NMDAR1-AB of the IgG class were originally reported in a condition called ‘anti-NMDAR encephalitis’ and claimed to be disease-pathognomonic [22–24]. The array of symptoms described in this condition is somewhat variable but essentially consistent with NMDAR1 antagonism as inducible by for example the NMDAR antagonist ketamine: Psychosis, epileptic seizures, extrapyramidal movement disorders, cognitive decline, reduced consciousness and autonomic dysfunction. In none of the earlier reports on ‘anti-NMDAR encephalitis’, healthy controls were analyzed to support the claim of disease-specificity. Therefore, the age-dependent seroprevalence of up to >20% NMDAR1-AB in healthy subjects as well as across all investigated disease groups (neuropsychiatric as well as other medical conditions like hypertension and diabetes) came as surprise [25–28]. Compared with other brain-antigen directed AB (mostly <2%), NMDAR1-AB have the highest disease-independent seroprevalence [18]. Serum titers as well as the distribution of immunoglobulin classes (mainly IgM and IgA; IgG rarest; IgE not detected so far) are similar in health and any to date investigated disease [27–29,30▪▪]. Many reports, including recent ones, describing either higher seroprevalence in certain disorders and/or absence/scarcity in a particular disease/health group are based on much too small numbers of subjects for a firm conclusion to be drawn (e.g. [31▪,32▪]). Among them are case reports, often without mentioning immunoglobulin classes, titers, or whether serum or cerebrospinal fluid (CSF) was analyzed. Inadequate or uncritical citation of the literature is prevailing [33▪,34▪].

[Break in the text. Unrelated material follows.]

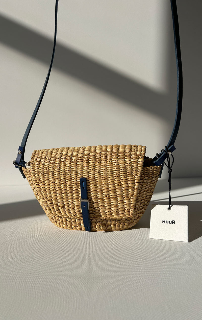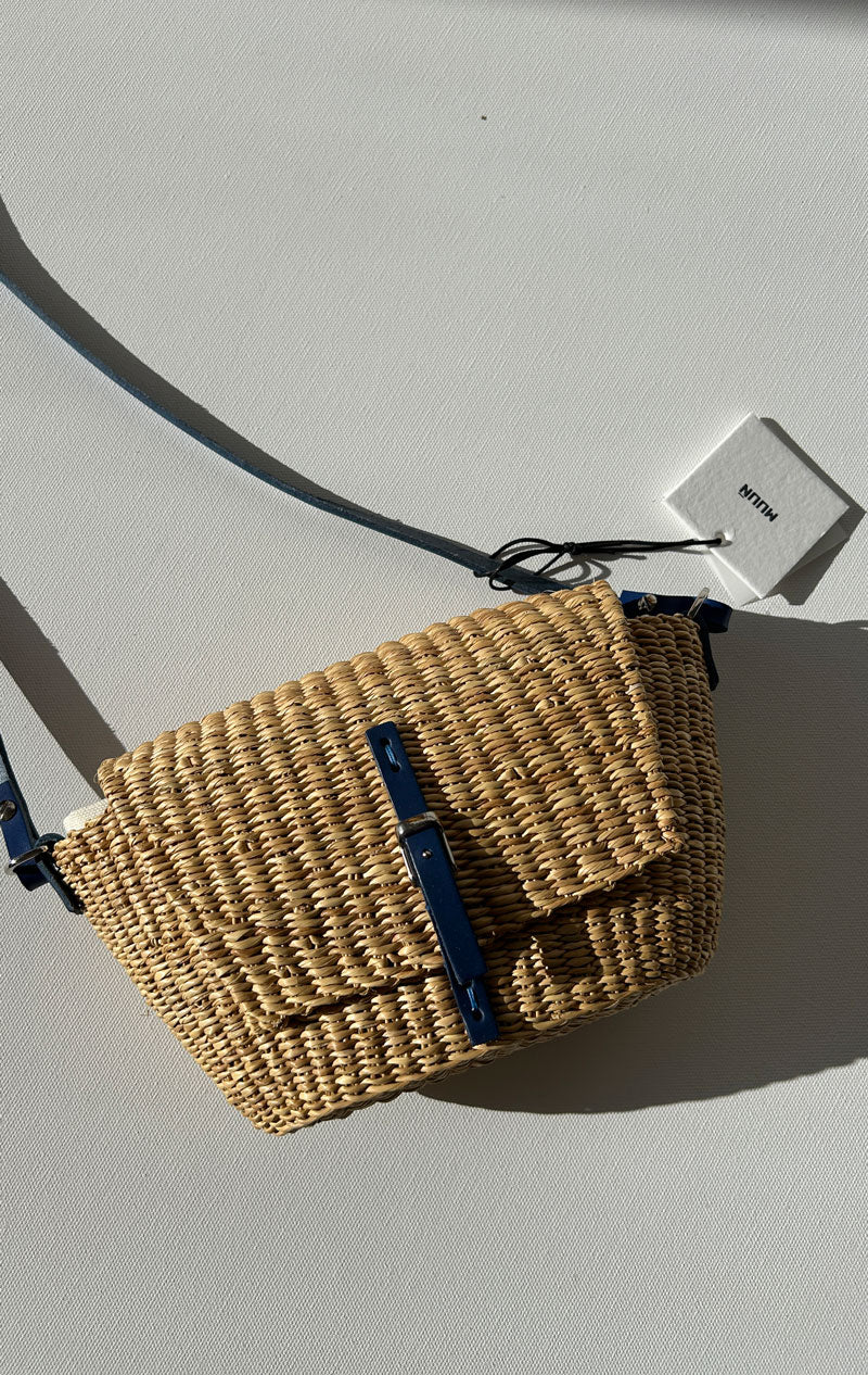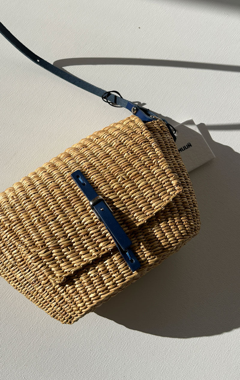 Made by Muun a French designer who works with artisans in Ghana using local straw grass. Each bag has a liner in cotton. The bag had enough room for a cell phone and a wallet on the go

In a heterogeneous group of 323 cancer patients, the seroprevalence of neuronal surface AB (IgA, IgM) was reported to be high [32▪], but is actually in the expected range of the investigated age (NMDAR1-AB 16.7%; mean age 62 years) [18,27,28]. The number of controls in this study (N = 65 neurological disease controls and N = 40 healthy blood donors) is too low for solid comparative conclusions. Cognitive deficits described by this study in AB-positive patients with chronic BBB dysfunction (pathological albumin quotient) are an interesting finding, even though not unexpected (chronic ketamine-like effects), but unlikely due to specific features of any particular cancer [32▪]. On the other hand, some cancers may well lead – via as yet widely unknown mediators – to a persistently perturbed BBB and thus allow greater access of circulating AB to the brain.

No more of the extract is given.